Whether there really is more bullying today or whether it is just that children, parents and teachers are more prepared to talk about it is another question, but either way we don't appear to be dealing with the problem very effectively.

"What's the matter, why are you crying?" I asked my son when he came out of the school yard at 3.45pm. He must have been around eight at the time. "Jake hit me," he said, rubbing the side of his head, which was bleeding. "Why did Jake hit you?" I asked. "Because he hits everyone," said my son as if I'd asked a stupid question. "Where is Jake?" I said. He pointed to a well-built boy heading towards the sweet shop.

I confronted Jake, and asked him why he had hit James and in reply I got a stream of abuse, which coming from an eight-year-old could only be described as impressive. At the sweet shop Jake ran into his mum, apprised her of the situation whereupon she, too, abused me. When I spoke to the headmistress about it later she merely said that since the incident had taken place after school hours and off the school premises it was not her concern.

Some months back I read about a schoolgirl who has been issued with a mobile phone so that whenever she is bullied she can call a teacher for assistance. This strikes me as being the wrong way round. Surely it is the aggressors who should be identified, not the victims.

I have personal experience of naming and shaming which may prove helpful to all those child psychologists trying to get to the bottom of the business of victimisation. I was bullied at school so mercilessly that 30 years later, as much to my surprise as everyone else's, I stood up at one of those self-awareness courses from California and told 350 other seekers after truth in the ballroom of the Kensington Hotel that the worst thing that had ever happened in my life was being bullied at school.

"Tell us about it, Sue, don't hold anything back. Let it all flow out," said our guru encouragingly.

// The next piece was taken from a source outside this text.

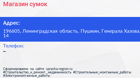 Магазин сумок по адресу 196605, Ленинградская область, Пушкин, Генерала Хазова, 14 в дальнейшем Организация, размещена в следующих категориях:

And, stifling sobs, I blurted how every afternoon after school I would be ambushed by boys with stinging nettles to beat my bare legs. My only hope was to latch on to a passing adult and beg them to walk me to the bus-stop.

But before you too waste your sympathy, let me tell you that three years later at a posh girl's boarding school I was initiated into a gang whose sole purpose was to terrorise new pupils.

At 10 I was canny enough to realise that if you can't beat them, your only hope is to join them - hence my membership of the bully gang. One morning at assembly the headmistress talked about the outbreak of bullying, identified the culprits and made us all stand on the platform while she berated us. I was wrong about the stinging nettles. The worst thing that ever happened in my schooldays was being named and shamed in front of the whole school.

Things are different now. You're not allowed to humiliate children, even bullies like Jake, in front of their peers. There is also the possibility that Jake, far from being ashamed of being identified as the school bully, would be flattered that his tough-guy tactics were now the talk of the whole school.

Last week my 10-year-old said the head teacher had spoken all about bullying at assembly. Several members of staff, she said, had complained that they were being bullied by children who persistently answered back and refused to do their homework. She was very concerned by this turn of events. So am I. Who, for heaven's sake, is teaching what to whom these days?